What is going to happen?
If the EP and then the Council agree to the solutions proposed by TREN, will Western carriers regain the market?
- There is no potential to take over a vacant place in the West, mainly due to the lack of drivers and a change in attitude towards this profession - says Maciej Wronski. - That is why I remain optimistic and I believe that politicians will find the arguments of big business and recipients of our services convincing.
Ireneusz Frankowski has a different opinion: - If the carriers from Central Europe withdraw, the local companies will fill the gap. This will probably be the case in Germany, as its potential was not reduced as much, but not in France, as it has already lost competition with its neighbor due to the introduced social measures.
- Logistic giants will benefit from this war - says Jan Buczek. - They already have a huge network of warehouses, they can create a network of alternative - railway - connections between them, maybe with the use of rivers and canals.
On the other hand, Rafal Owczarek, sales coordinator of European Logistics Dachser Polska, says: - The adopted regulations will not improve the situation of Western European companies on their domestic markets, because they will not be able to provide sufficient supply of transport services. International operators are most flexible in this situation, as they were least affected by the provisions of the package, and they will be able to carry out cross-border road transport as before.
Customers will lose just as much as eastern carriers.
- As always in equivalent cases - says President Wronski. - The business and consumers will pay with higher logistic costs. Even if the distribution management model changes.
An increase in freight prices means an increase in the prices of final products. However, Frankowski also notices that production in, for example, Olsztyn will not be profitable if the goods have to be transported to Lisbon.
The vast majority of transport companies are subcontractors, “carters” - as they call themselves. They work for stronger logistics companies, forwarding companies, mostly western ones. They are too small and financially constrained to offer value-added services and climb the logistic ladder.
Therefore, the winding process can accelerate at any radical increase in costs, because this market is characterized by high inertia. Neutralization of the conditions of concluded contracts may take from 9 to 18 months. Anyone who has no financial background to withstand this difficult time must shut down the business.
The main reason for the financial weakness of most Polish carriers is the original sin of this industry - even though the business was growing rapidly, many entrepreneurs did not accumulate capital in their companies, but consumed it - says Michal Balakier, Chief Executive Officer of DKV Euro Service Poland.
Notably, the older generation of owners who have made a large fortune, do not want to consolidate in any form.
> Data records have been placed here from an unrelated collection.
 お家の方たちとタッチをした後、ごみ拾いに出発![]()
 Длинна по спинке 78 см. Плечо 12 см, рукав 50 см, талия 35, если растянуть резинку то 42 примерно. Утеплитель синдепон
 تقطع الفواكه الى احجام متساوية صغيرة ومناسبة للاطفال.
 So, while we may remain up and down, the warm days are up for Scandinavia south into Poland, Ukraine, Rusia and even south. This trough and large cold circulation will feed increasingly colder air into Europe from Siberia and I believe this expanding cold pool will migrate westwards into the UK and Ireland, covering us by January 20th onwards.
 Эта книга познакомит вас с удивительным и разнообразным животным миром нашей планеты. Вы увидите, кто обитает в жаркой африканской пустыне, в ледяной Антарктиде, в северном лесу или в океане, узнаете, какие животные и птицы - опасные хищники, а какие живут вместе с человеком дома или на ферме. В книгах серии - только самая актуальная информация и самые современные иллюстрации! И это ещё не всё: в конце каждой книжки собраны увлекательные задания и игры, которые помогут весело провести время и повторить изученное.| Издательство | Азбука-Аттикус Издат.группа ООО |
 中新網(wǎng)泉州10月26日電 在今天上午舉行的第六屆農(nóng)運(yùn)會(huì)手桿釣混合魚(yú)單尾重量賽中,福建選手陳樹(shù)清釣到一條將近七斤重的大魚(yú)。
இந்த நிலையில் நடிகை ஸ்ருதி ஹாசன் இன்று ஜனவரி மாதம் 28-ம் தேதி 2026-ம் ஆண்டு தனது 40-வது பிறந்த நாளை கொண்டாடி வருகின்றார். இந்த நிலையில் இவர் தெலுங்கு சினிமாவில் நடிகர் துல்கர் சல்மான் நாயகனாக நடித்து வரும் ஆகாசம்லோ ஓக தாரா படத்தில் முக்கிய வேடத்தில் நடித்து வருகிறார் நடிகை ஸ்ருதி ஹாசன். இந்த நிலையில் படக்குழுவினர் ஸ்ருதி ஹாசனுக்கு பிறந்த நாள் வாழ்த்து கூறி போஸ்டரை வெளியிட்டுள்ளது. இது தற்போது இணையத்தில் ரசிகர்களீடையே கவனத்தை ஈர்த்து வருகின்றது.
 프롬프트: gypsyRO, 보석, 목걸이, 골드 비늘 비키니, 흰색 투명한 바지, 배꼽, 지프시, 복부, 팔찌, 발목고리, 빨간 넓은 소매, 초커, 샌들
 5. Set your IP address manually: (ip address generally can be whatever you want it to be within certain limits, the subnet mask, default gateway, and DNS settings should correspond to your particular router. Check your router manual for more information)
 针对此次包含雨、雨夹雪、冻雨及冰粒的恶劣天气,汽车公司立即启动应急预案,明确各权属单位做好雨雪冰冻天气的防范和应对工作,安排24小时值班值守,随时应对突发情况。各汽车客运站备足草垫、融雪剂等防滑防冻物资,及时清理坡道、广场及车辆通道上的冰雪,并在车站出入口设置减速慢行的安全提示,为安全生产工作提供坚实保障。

Family businesses often face the issue of a lack of succession candidates. Failed consolidation attempts (general cargo sector) fell victim to a conflict of interest.
Was the judgement given? Not necessarily. The other, smaller part of the industry is composed of companies managed by people between 35 and 45 years old. They know that management must be handed over to managers; they themselves exercise ownership supervision.
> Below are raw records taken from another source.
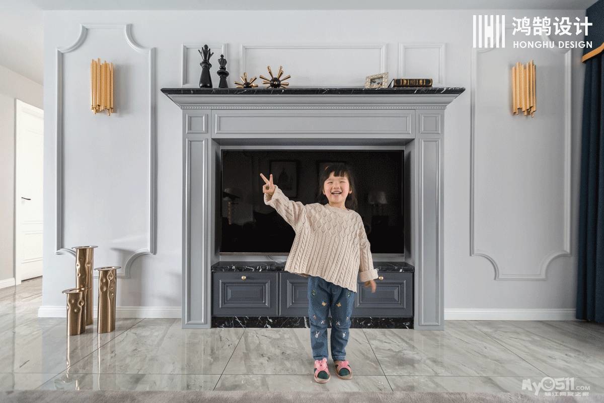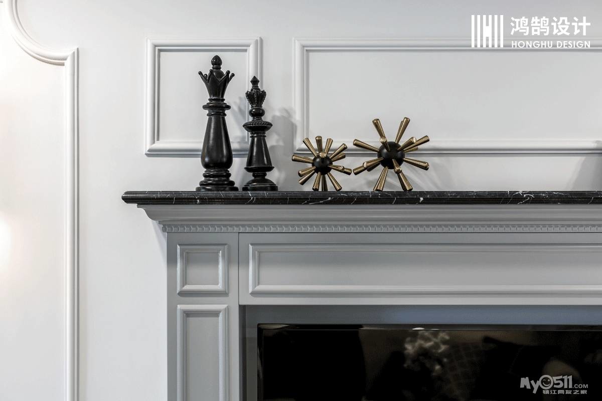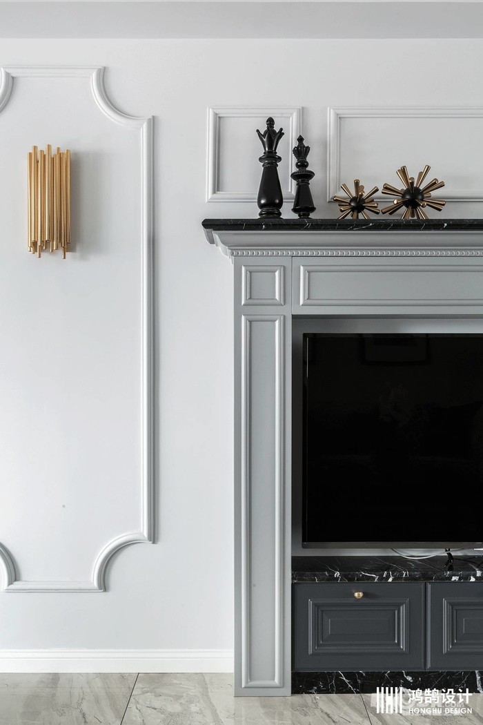 电视背景墙采用美式壁炉造型,在下方设置了收纳柜,保证美观的同时又兼具了收纳的功能。壁炉上摆满小饰品,为空间增添了美感。
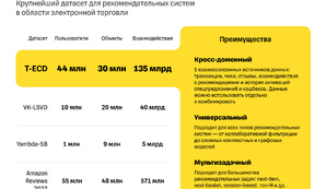 Центр искусственного интеллекта группы «Т-Технологии» выложил в открытый доступ T-ECD (T-Tech E-commerce Cross-Domain Dataset) — один из крупнейших в мире датасетов для рекомендательных систем в области электронной торговли.CNews
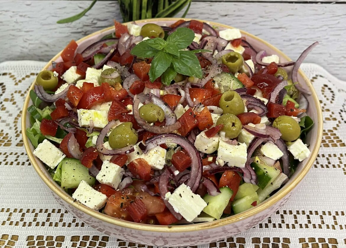 To prosta, świeża i lekka sałatka idealna na lunch, kolację lub jako dodatek do obiadu. Połączenie chrupiących warzyw, słonych oliwek i kremowego sera typu bałkańskiego daje bardzo przyjemny, śródziemnomorski smak. Całość dopełnia szybki dressing cytrynowo-oliwny, który podkreśla naturalny smak warzyw.
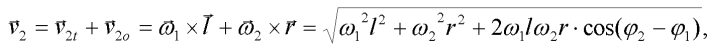 Pro druhý dílec je situace složitější. Pohyb diferenciálního elementu na druhém dílci lze psát jako součet dvou nezávislých pohybů: pohybu translačního o translační rychlosti rovné obvodové rychlosti koncového bodu prvního dílce a pohybu rotačního o úhlové rychlosti
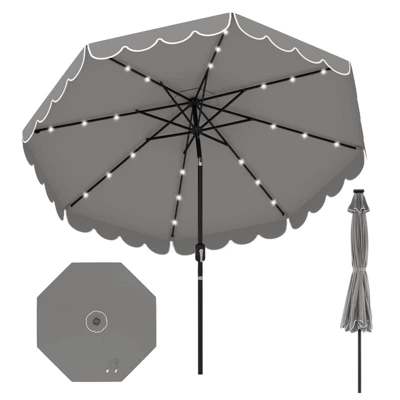 - Illuminate Your Evenings: Outfitted with 24 bright cool-white LED lights, this patio umbrella delivers magical lighting as night falls. Efficiently powered by a solar panel, these lights ensure no additional energy costs. Perfect for creating a delightful ambience on your patio or garden after sunset.
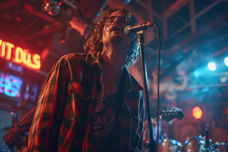 A male vocalist with long hair and plaid shirt performs on stage at a music club with retro 1980s style and colorful lights.
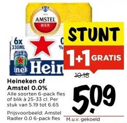 Bekijk nu de Heineken of Amstel 0.0% aanbieding in de Vomar folder. Deze aanbieding is geldig van 11-09-2025 tot en met 13-09-2025.
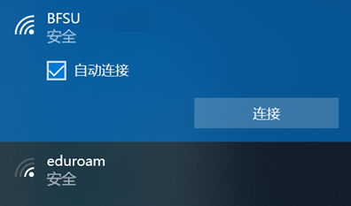 点击桌面右下角的网络图标,在弹出的列表中选“BFSU”,并保持“自动连接”处于勾选状态,然后点击“连接”(见图3-5),
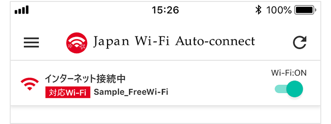 認証が完了するとアプリのトップ画面は「インターネット接続中」という表示に変わります。
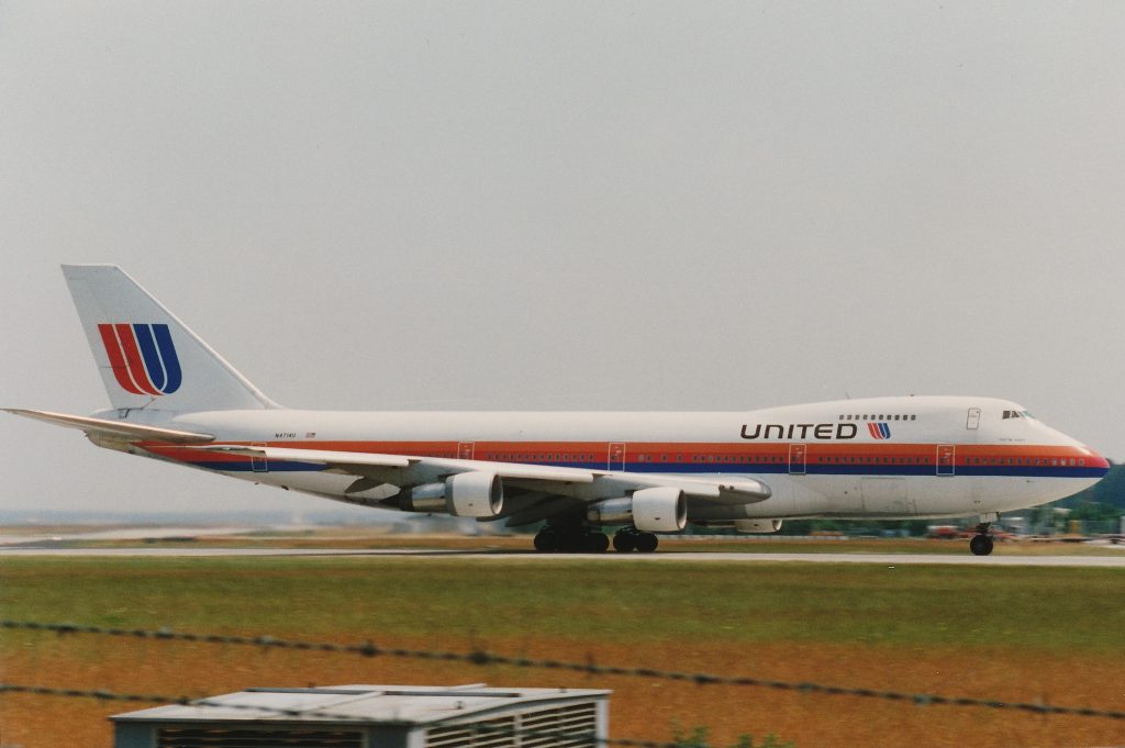 Kort nadat ik de eerste kist met een wow-factor, een MAS Air Cargo-A330-343(P2F) heb gefotografeerd zie ik tot mijn verbazing al een grote kist uitklimmen na de start vanaf de 25C. Goed, ik zat met mijn gedachten in 1993, maar toch niet gehoord dus! Ik grijp mijn verrekijker en zie dat het een United Airlines-Boeing 777-300 is die zich in een bocht naar links gooit om steden als Mainz en Wiesbaden te mijden, waarna hij richting de Nederlandse kust zal draaien. Ik begrijp dat de Bundesautobahn 5 de vertrekkende kist volledig heeft gemaskeerd in decibelletjes. Vroeger gewoon ondenkbaar!

- For several years, we have been departuring from the traditional road transport model, we plan to invest in intermodal transport, i.e. last mile transportation, both in Poland and abroad, carrying out activities in accordance with local regulations - says Frankowski.
Wronski claims that Polish politicians can now help the industry, which they have not done before. He suggests to review the authorised state aid instruments. There are not a lot of possibilities, but they are a large-caliber weapon - for example, subsidies for the purchase of ecological tractors, what France (16 thousand euros) and Germany (12 thousand) already do, as well as excise tax return.